+++ The records +++
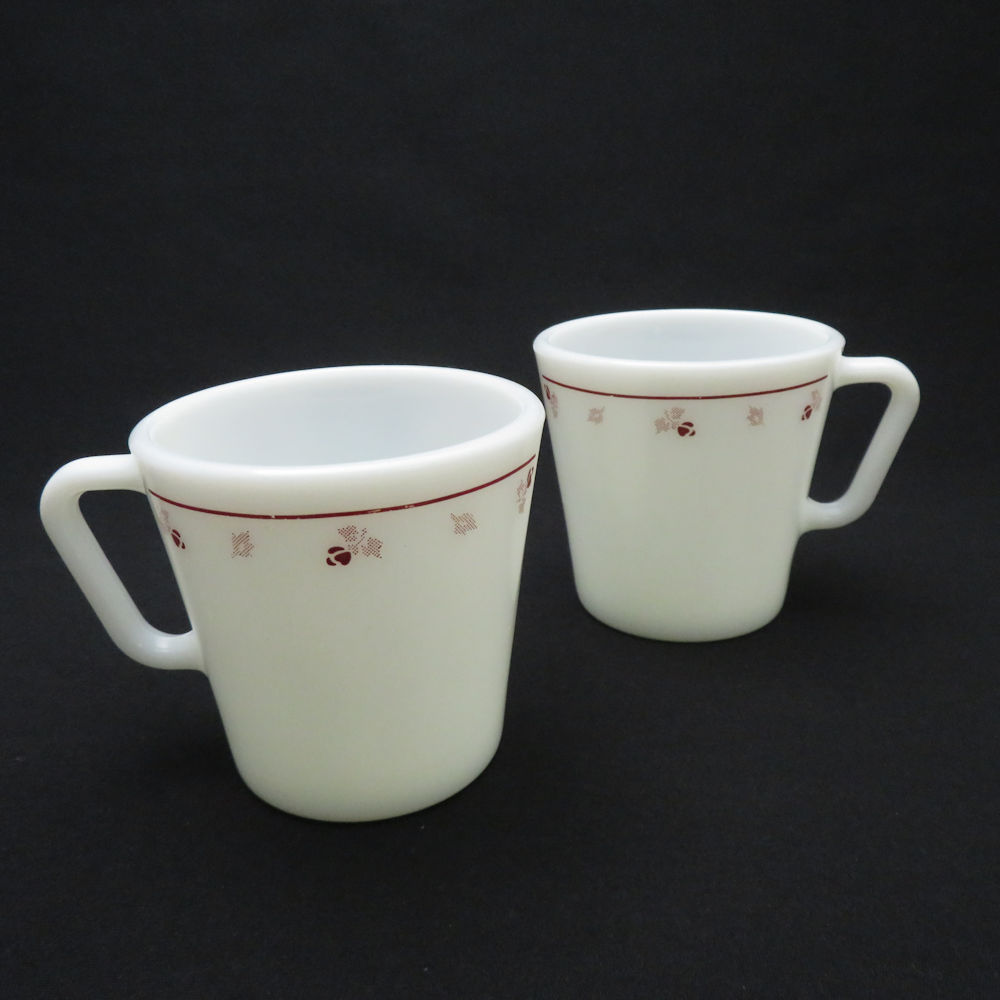 PYREX パイレックス バーガンディ ローズ マグカップ 2点 ミルクガラス ペア コップ 300ml オールド コーニング SY10248A2 【中古】
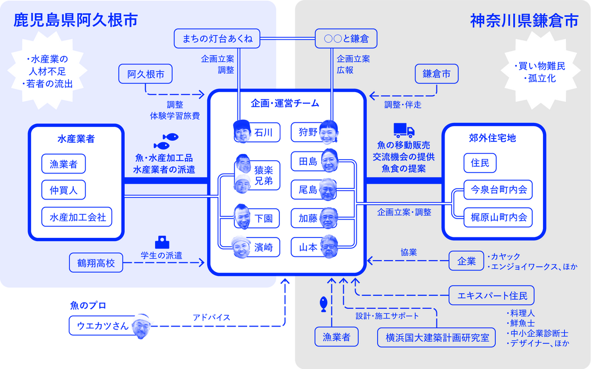 2023年春、鎌倉・今泉台にフラッグシップをオープン予定。地元・鎌倉の漁業者と阿久根の仲買人から直接仕入れた鮮魚や日替わり惣菜、加工品等を、店舗だけでなく鎌倉市内各所で移動販売します。魚をテーマにしたワークショップや生産者との交流イベントなども企画中です。
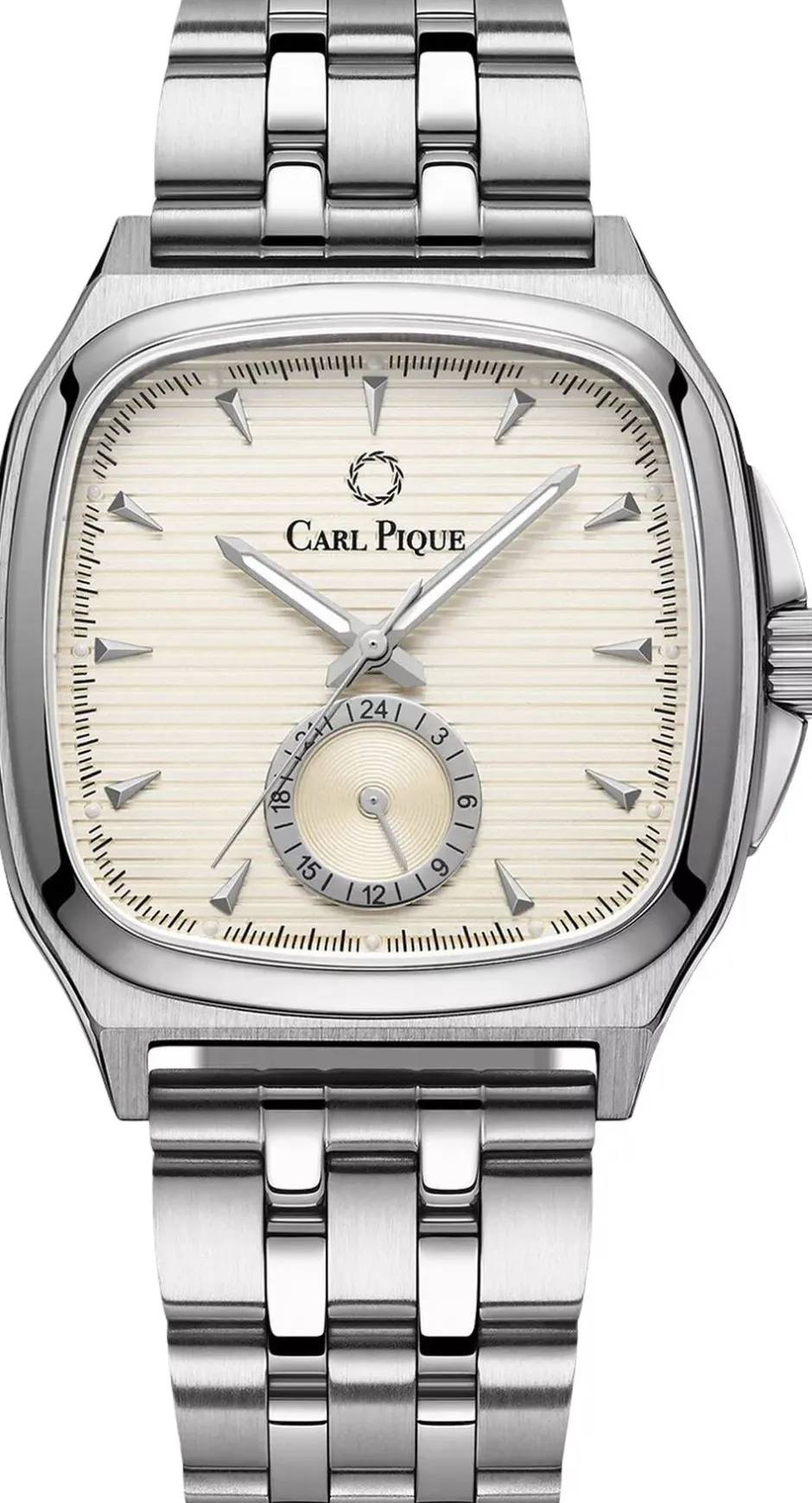 Carl Pique Carré CP0009 skiller sig ud med sin firkantede urkasse og blødt afrundede kanter, hvilket giver et moderne udseende. Urskiven har et tekstureret mønster, der tilføjer dybde til designet. Nederst på urskiven er der en lille kronograf, der forbedrer det visuelle indtryk. Den beige urskive er indrammet af en sølvfarvet urkasse og bezel, suppleret af en sølvfarvet stål-lænke. Butterfly låsen sikrer en sikker pasform.
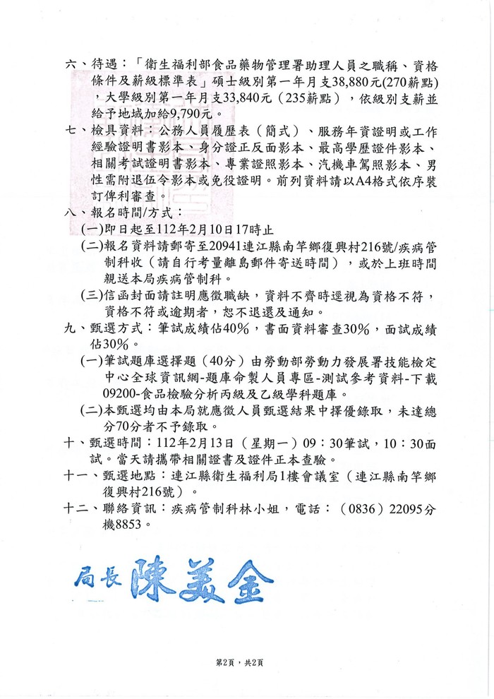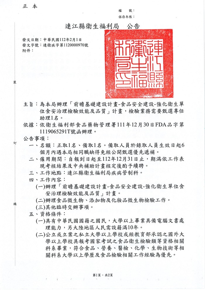 衛福局甄選「強化衛生單位食安治理檢驗效能及品質」專任助理1名
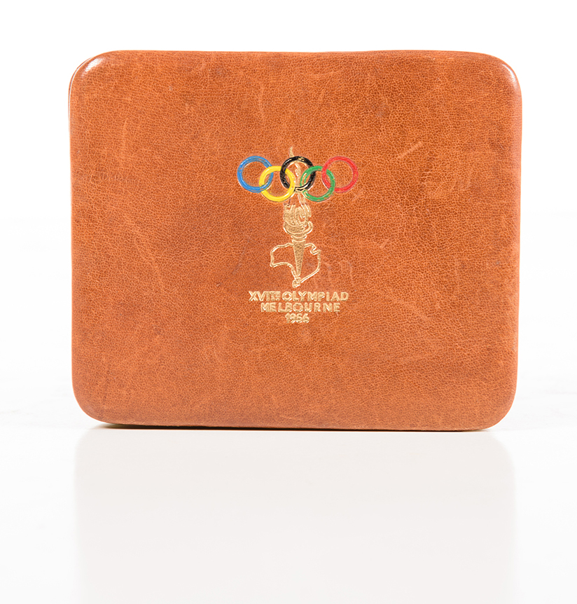 1956 MELBOURNE OLYMPICS: CIGARETTE CASE, KANGAROO SKIN, WITH OLYMPIC RINGS, TORCH & "XVITH OLYMPIAD, MELBOURNE 1956" ON FRONT, MADE BY DOMO.
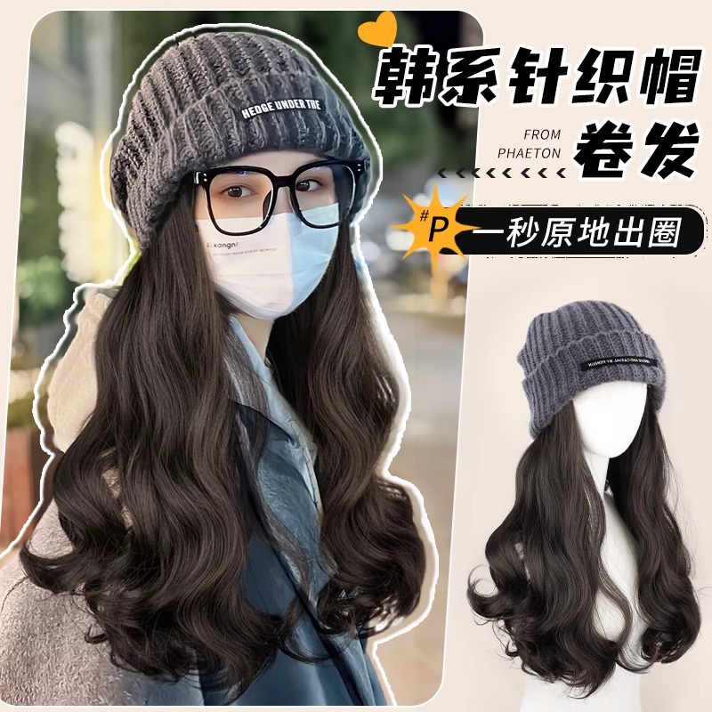 帽子假发一体时尚全头套女款2025新款仿真发大波浪发秋冬季针织帽
+++
# What to produce:
How would the lines above read from the one with "Carl Pique Carré" to the one with "衛福局甄選「強化衛生單位食安治理檢驗效能及品質」專任助理1名", inclusive, with no pictures? Write them out exactly.

# Answer space:
 Carl Pique Carré CP0009 skiller sig ud med sin firkantede urkasse og blødt afrundede kanter, hvilket giver et moderne udseende. Urskiven har et tekstureret mønster, der tilføjer dybde til designet. Nederst på urskiven er der en lille kronograf, der forbedrer det visuelle indtryk. Den beige urskive er indrammet af en sølvfarvet urkasse og bezel, suppleret af en sølvfarvet stål-lænke. Butterfly låsen sikrer en sikker pasform.
 衛福局甄選「強化衛生單位食安治理檢驗效能及品質」專任助理1名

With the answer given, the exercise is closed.